A slowdown in hurricane motion has been observed in recent decades, as well as an increase in the annual frequency of stalling behavior of about 1.5% per year over the satellite era, 1966-2020. In addition, a slower rate of decay over land has been occurring, with a typical hurricane losing about 50% of its intensity in the first day past landfall, compared to 75% in the late 1960s. Slower-moving hurricanes present a lower wind damage risk to the Northeast because such storms will usually weaken quickly as they cross the several hundred miles of cool ocean waters that lie between the northernmost portion of the warm Gulf Stream current and the coast of New England. For example, Category 1 Hurricane Henri of August 2021 moved unusually slowly for its northerly latitude (11 mph) as it approached the coast of New England, and the much cooler waters it had to traverse during its last 12 hours before landfall weakened it to a 60-mph tropical storm by the time it hit Rhode Island.
However, slower-moving hurricanes present an increased risk of heavy rains. Henri dumped widespread rainfall amounts of five to 10 inches over the Northeast, which fell upon soils already saturated by the remnants of Tropical Storm Fred a few days prior. The widespread flooding killed two and caused over $650 million in damage.
In some cases, a slower-moving storm may produce a long storm surge over multiple tidal cycles, increasing the chance that a damaging storm surge will arrive at high tide.
A 2018 paper by James Kossin, A global slowdown of tropical-cyclone translation speed, reported a 20% slowdown in storm forward speed since 1949 over land for Atlantic storms. His co-authored 2019 follow-up paper presented new data showing that the highest quality and longest-running storm speed dataset that we have for tropical cyclones — for those over land in the continental U.S. beginning in 1900 — has shown a significant slowdown of 17% from 1900 to 2017.
These two studies did not attempt to attribute the slowdown to human-caused climate change, saying: “there is not at present a clear mechanism explaining the observed tropical cyclone speed reduction.” But Kossin said in an email that “the vast majority of the models consistently predict a slowing of the tropical circulation due to human-caused global warming. So, in my opinion, given that tropical cyclones are somewhat passively carried along in these winds, a reasonable hypothesis is that they are slowing down with warming. This is fairly compelling evidence for a human fingerprint on the slowing we’re observing.”

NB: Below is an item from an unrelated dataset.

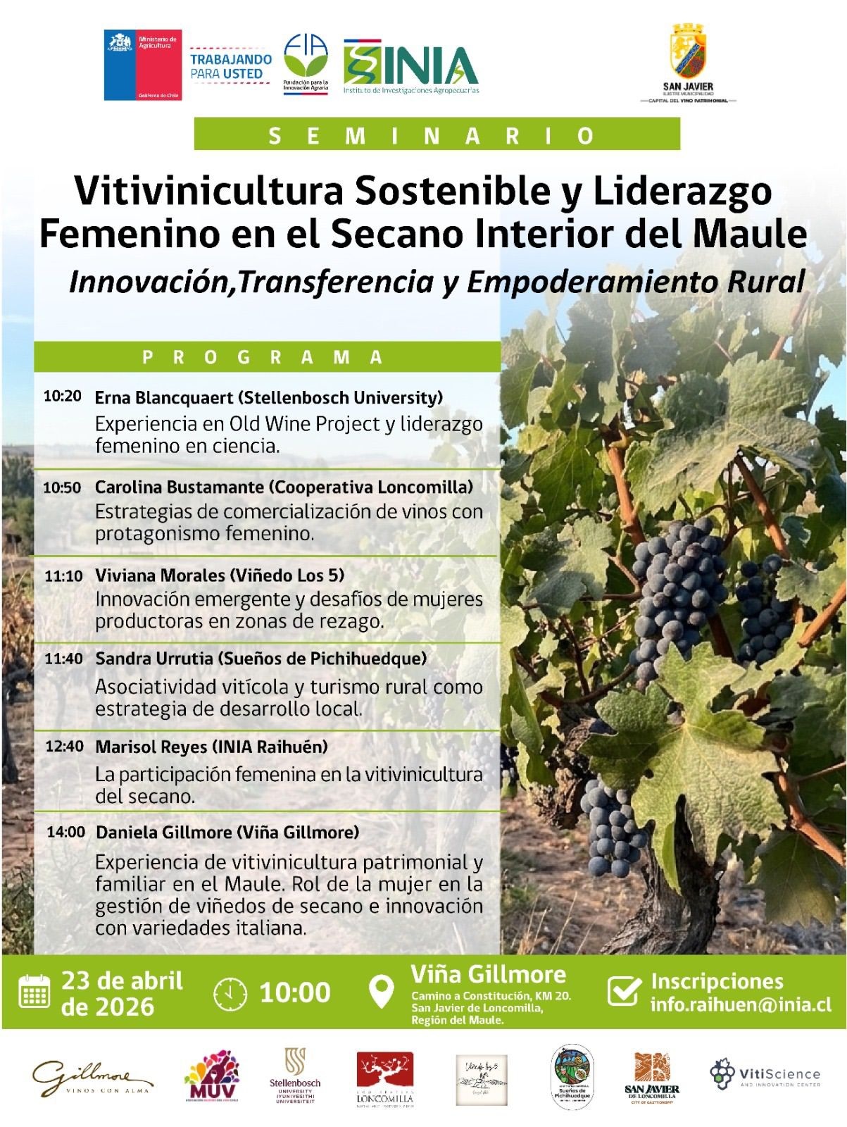 El próximo 23 de abril, el Viña Gillmore será sede del seminario “Vitivinicultura Sostenible y Liderazgo Femenino”, una instancia enfocada en innovación, transferencia de conocimientos y empoderamiento rural en el secano interior del Maule.
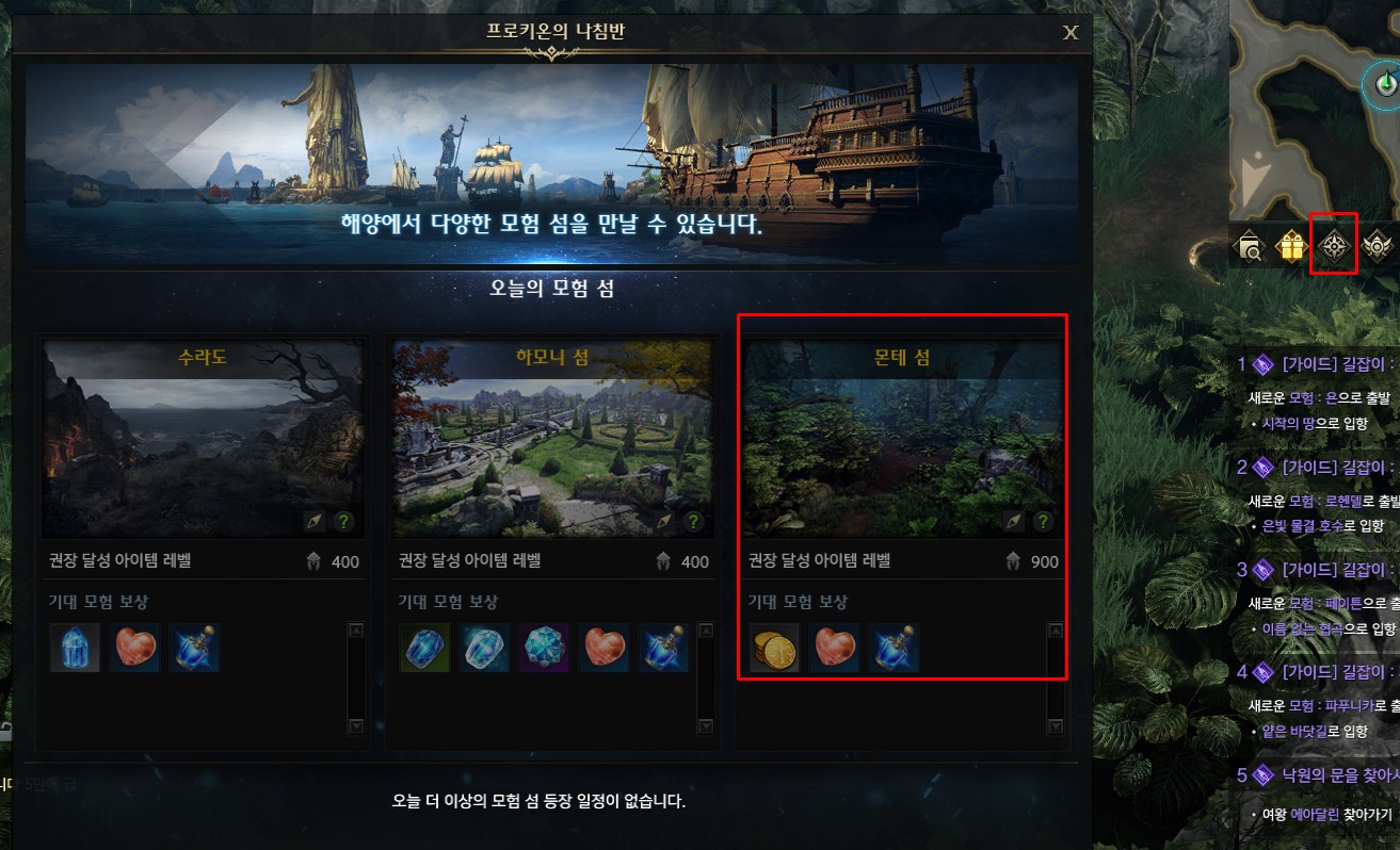 미니 맵 아래 3번째 나침반 아이콘을 눌러보면 오늘 모험 할 수 있는 주요 섬을 보여줍니다. 그리고 화면 좌측 상단을 보시면 시작 10분전 5분전을 알려주니까! 미리 대비할 수 있어요.

Kossin’s results were supported by a 2021 paper, Acceleration of tropical cyclones as a proxy for extratropical interactions: synoptic-scale patterns and long-term trends. That study found that both the forward speed and acceleration of Atlantic hurricanes undergoing recurvature (because they are caught in the jet stream) have been slowing down in recent years. The authors speculated this may be from a poleward shift and weakening of the jet stream. The observed trend in slower-moving hurricanes can be expected to continue into the future, according to a 2022 modeling study, Tropical cyclone motion in a changing climate. The paper found that future human-caused global warming could shift the jet stream northward, leading to slower hurricane steering currents at midlatitudes and a significant slowing of hurricane motion, including in the Atlantic off the East Coast of the U.S.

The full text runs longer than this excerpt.